For me the the descent to ABC a couple of days earlier had gone well only taking 18 minutes to descend the fixed lines. However my efforts have been put well and truly in the shade with the arrival of Ueli Steck fresh from speed ascents of Cho Oyu and Shishapangma. After the formalities of a quick jaunt up Everest he's away to Broad Peak in the Karakoram.

You can find out more about Ueli Steck and what he's up to at

The whole team are now back at Base Camp waiting for a lull in the winds and celebrating Heather's birthday. Unfortunately Stephen has had to return to Kathmandu due to illness, but there is a slight chance he may get the all clear and be able to return in time for our summit bid. Many of the European weather forecasts are predicting a brief opportunity window of oppurtunity around the 15th - 17th May, but we're staying put as there is still a risk of 60mph gusts and the Chinese rope fixing team are still at ABC with the fixed lines only extending to 8200m.

A couple of nights ago was the infamous Russian 7 Summits Club base camp party, now a yearly event. The Russian based company put on a superb spread of food, beer and vodka for all teams at BC followed by a firework display. Unsurprisingly the main topic of conversation was the weather!

Early this morning our nine Sherpas reached 8300m to establish our Camp 3, the spring board to the summit. For us and all the other teams it's now the waiting game trying to keep busy in Base Camp.

Friday, 6 May 2011

Everest Acclimatisation Complete

Photo: Greg Healey Collection

Over the next couple of days the team will make their way back to base camp having completed the final stage of their acclimatisation.
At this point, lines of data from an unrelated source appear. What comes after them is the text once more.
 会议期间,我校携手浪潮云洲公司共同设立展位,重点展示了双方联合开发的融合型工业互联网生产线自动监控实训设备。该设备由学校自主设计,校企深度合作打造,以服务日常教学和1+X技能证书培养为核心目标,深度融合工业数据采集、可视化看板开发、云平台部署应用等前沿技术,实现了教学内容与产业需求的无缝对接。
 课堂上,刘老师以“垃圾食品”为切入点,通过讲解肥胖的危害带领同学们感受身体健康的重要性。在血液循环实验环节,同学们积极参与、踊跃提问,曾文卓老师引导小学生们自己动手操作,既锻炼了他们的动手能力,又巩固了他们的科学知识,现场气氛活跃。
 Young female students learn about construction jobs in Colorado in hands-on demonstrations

From our 7010m camp on the north col an unrelenting snow slope with fixed lines led to a small camp and the start of the climbing proper at 7500m. Despite the temperatures requiring down suits, the views across to Pumori, Cho Oyu, Changtse and Gyachung Kang were stunning. A five hour slog up a slope that looked like it should take two gave Geordie a very physically demanding 22nd birthday. Our Sirdar Dorje had a quick sprint up the North Col to leave a prayer scarf with birthday wishes tied to the tent!

Our previous day’s climb to the north col had gone well despite a big pack, the fixed lines taking just over 2 hours. There was a team of Russian base jumpers checking out a cliff of Changtse for next year. 5.5 seconds for those who are interested.
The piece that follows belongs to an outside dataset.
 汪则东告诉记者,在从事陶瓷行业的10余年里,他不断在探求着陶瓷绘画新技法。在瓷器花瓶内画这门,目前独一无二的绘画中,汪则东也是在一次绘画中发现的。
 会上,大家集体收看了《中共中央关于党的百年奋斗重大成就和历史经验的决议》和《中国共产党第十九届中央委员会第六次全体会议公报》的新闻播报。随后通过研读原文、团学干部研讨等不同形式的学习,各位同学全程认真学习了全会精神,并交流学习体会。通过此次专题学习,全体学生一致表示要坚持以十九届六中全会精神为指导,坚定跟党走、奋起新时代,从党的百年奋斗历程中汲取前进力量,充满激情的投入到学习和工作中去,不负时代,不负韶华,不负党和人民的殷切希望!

After last year’s problems with tents being blown 100m vertically upwards, this year our ten tents are all tied together in a long line! With the slightly worrying fact that our equipment is now spread across six locations on the mountain it's away down to base camp to stare at the weather forecast and make our plans. Others plans involve 4 ascents in a season for Pemba Dorje Sherpa, and 24 hours on the summit, putting our efforts in to perspective!

Friday night film

Tuesday, 3 May 2011

Everest North Col Bound...

Photo: Greg Healey Collection

The whole team are currently reunited at a snowy ABC. Over the past couple of days folk have made their way back up over 22km of moraine and 1250m of height gain. For some this was a 7 hour sprint, others a 12 hour slog and some a 2 day stroll with a night at intermediate camp in between.
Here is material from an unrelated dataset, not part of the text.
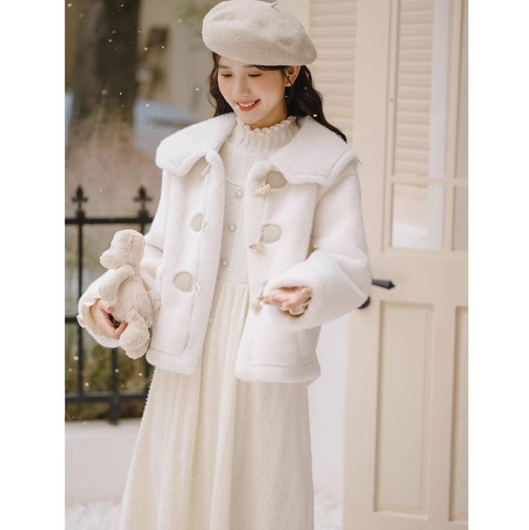 2023秋冬新甜美直筒型牛角扣外套毛绒绒保暖百搭长袖大翻领XX6405

Our Sherpas have done a sterling job and have just three load carries left to complete to finalise our preparations. The ropes are fixed to 8300m and the CTMA will be heading up to complete the job during the next weather window. Finally we have to complete our acclimatisation with a climb to 7500m. Two thirds of the team are heading up to the North Col tomorrow with the rest following the next day. We hope to spend two to three nights here with a climb up the North Ridge to just below Camp 2.

For the first time the group will have to fend for themselves melting water and rehydrating food. To this end today was spent finalising our kit selections, practicing with the stoves and having an interesting discussion on frostbite. Some great practical examples from the team on previous expeditions!